Goal of the exercise: Starting at the first line of the listing below, repeat each line exactly until you have repeated the one containing "While there is"; skip the pictures.

Data below:

[Start of section]

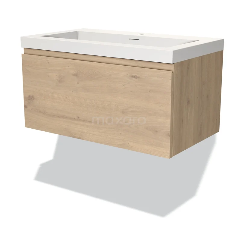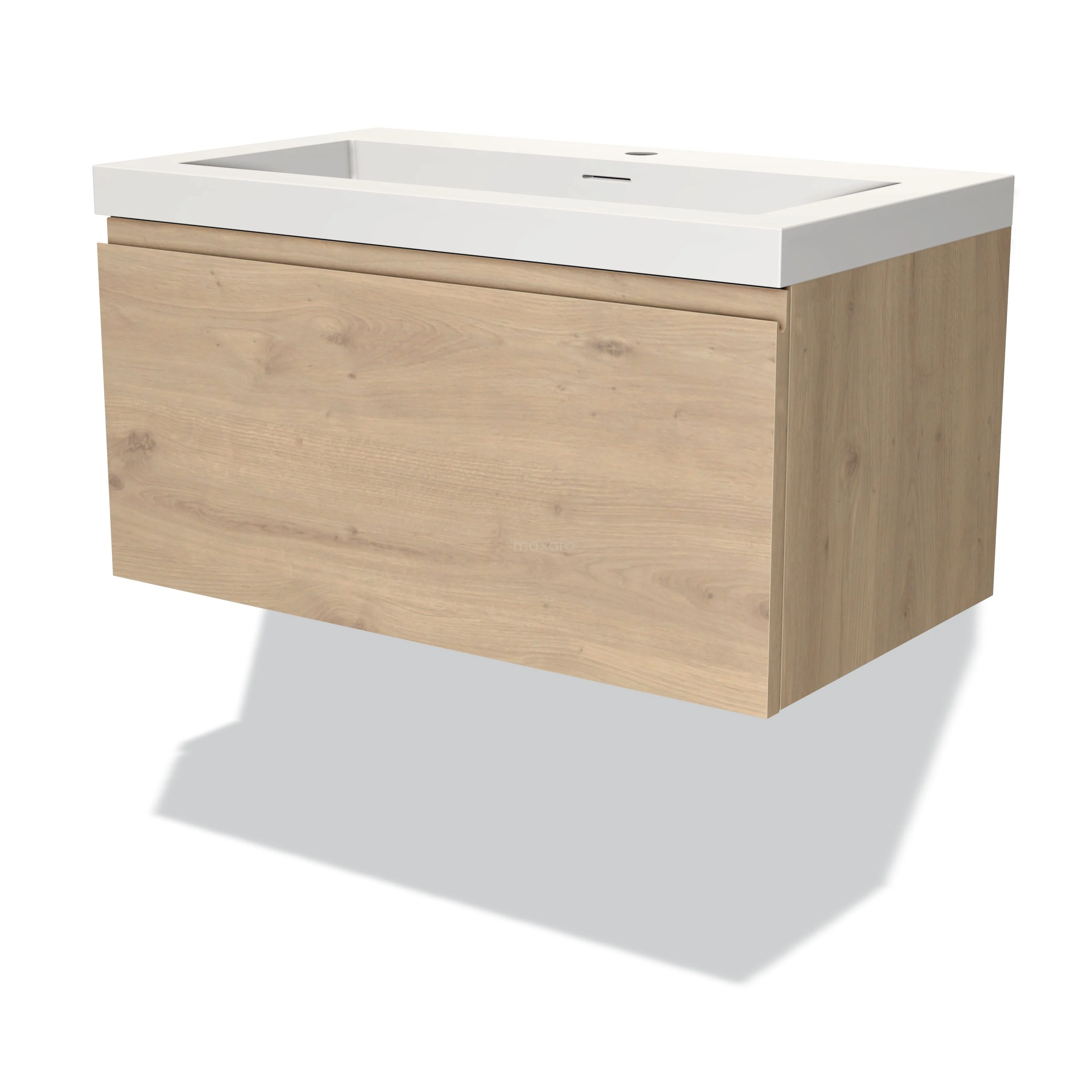 Modulo Bathroom furniture with sink | 80 cm Light brown oak Handle-less front Solid surface 1 drawer
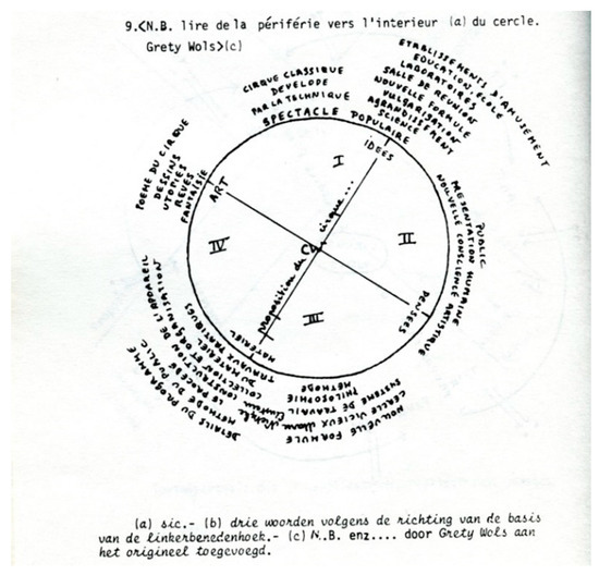While there is both a conceptual and organizational structure to the Circus Wols, its apparent disorder may be at least partly intentional. The artist intended the project as a totalization and democratization of the best of human thought—including the humanities, arts, and science—under the form of a popular spectacle. At the same time, he wished to leave space for the public to adjust and interact freely. He explained that the above-mentioned annotations should enable the public to “travel” from one folder or topic to another (Van Damme 1985a, p. 46). Thus, the arrows, present in the manuscript and drawings, embody his will to “leave the folders, the phenomena, the subjects, etc. continuously in relation between them in all directions” (p. 46). He also refused the hierarchal subsumption of the detail under the whole by designing interactive and open-ended folders in order to “obtain a result either for the ensemble or for the detail” (p. 46).4
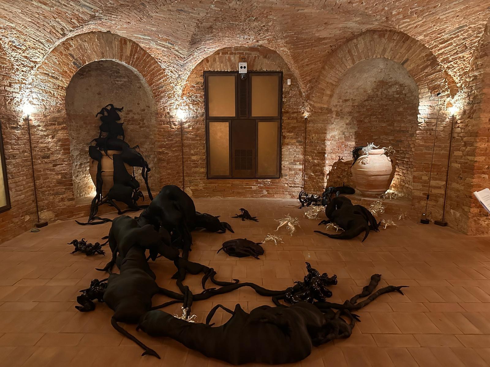 Tra il piano terra, il portico e l’ipogeo di Palazzo Thiene, si snoda un itinerario sorprendente e costantemente sospeso tra dimensione globale e radici intimamente locali. In mostra non solo per l’assoluta centralità dell’eccellenza dei grandi maestri vetrai di Berengo Studio, a Murano, ma anche per la presenza di artisti squisitamente veneti come Monica Bonvicini, Massimo Lunardon, cui si aggiunge chi, come la modenese Ornella Cardillo ha però scelto Venezia come città d’adozione. Un percorso espositivo che incanta per la presenza della più prestigiosa scena artistica mondiale contemporanea: figure di grande statura nazionale quali Emilio Isgrò, Alfredo Pirri, Michelangelo Pistoletto, e nomi internazionali del calibro di: Ai Weiwei, Vanessa Beecroft, Tony Cragg, Koo Jeong A, Marya Kazoun, Jaume Plensa, Laure Prouvost, Thomas Schütte, Sean Scully, Peter Shire, Pascale Marthine Tayou , Koen Vanmechelen, Robert Wilson, Erwin Wurm.
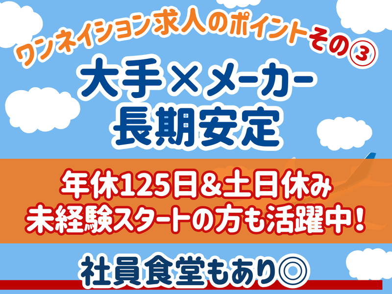 仕事内容 >>> 急募!製品運搬スタッフ <<< ✨お電話でのお問い合わせも大歓迎✨ \TEL: 052-933-3399 (採用担当)/ ▶出張面接・WEB面接も実施! +―――――――――――――――――+ 【無期雇用派遣のお仕事です。】 仕事が終わっても雇用は継続。 派遣でも安定が手に入る時代! +―――――――――――――――――+ 想像以上に働きやすい。 そう話す社員が多い職場環境です。 ✨長期で安定して働ける環境! ✨昇給・賞与もしっかり支給! ✨適度な運動で健康維持にも◎ ……………………………………… 仕事内容 ……………………………………… ✅工作機械製品の運搬 ハンドリフトを使用して 完成した製品を次の作業場へと 運搬します。 次の工程へとスムーズに進めるために 必要なやりがいバッチリのお仕事です! はじめは先輩スタッフから次に行うことの、 指示をしっかりもらえます。 何をしていいか迷うことは少ないですよ! このときにお仕事が覚えられれば、 そのあとはとっても働きやすい◎ また、歩くことが多いポジションなので、 仕事しながら健康にも気を使いたい方にぴったり! ……………………………………… 勤務地(派遣先) ……………………………………… 住所:愛知県丹羽郡大口町竹田 「柏森駅」から徒歩13分 ★食堂あり! カフェのような空間で居心地◎ 300円程度でそばやラーメン、 日替わりランチ等が食べられます♪ ◤……………………………………… ⏩ ワンネイション求人のポイント ………………………………………◢ ✨ワンネイションの「常用雇用」採用! 一般的な派遣とは違い、雇用が安定 プロジェクト終了でも雇用継続で安心 ✨月給制+賞与+昇給あり! 長期休暇でも給料が減らない安心感 評価基準が明確で昇給の道筋もクリア ✨年間休日は125日以上&土日休み案件多数! プライベートも時間も大切にできる しっかり休めてワークライフバランスも安定 ✨サポート体制充実! 月1回・15分程度の面談で悩みをしっかりフォロー 現場で言いづらいことも、当社担当者が間に入って調整 ――――――――――――――――― お電話でのお問い合わせも大歓迎! WEB面接も実施!現職中の方も お気軽にご応募ください! 日程調整いたします◎ TEL: 052-933-3399 (採用担当まで) ―――――――――――――――――

[End of section]

Written response:
 Modulo Bathroom furniture with sink | 80 cm Light brown oak Handle-less front Solid surface 1 drawer
While there is both a conceptual and organizational structure to the Circus Wols, its apparent disorder may be at least partly intentional. The artist intended the project as a totalization and democratization of the best of human thought—including the humanities, arts, and science—under the form of a popular spectacle. At the same time, he wished to leave space for the public to adjust and interact freely. He explained that the above-mentioned annotations should enable the public to “travel” from one folder or topic to another (Van Damme 1985a, p. 46). Thus, the arrows, present in the manuscript and drawings, embody his will to “leave the folders, the phenomena, the subjects, etc. continuously in relation between them in all directions” (p. 46). He also refused the hierarchal subsumption of the detail under the whole by designing interactive and open-ended folders in order to “obtain a result either for the ensemble or for the detail” (p. 46).4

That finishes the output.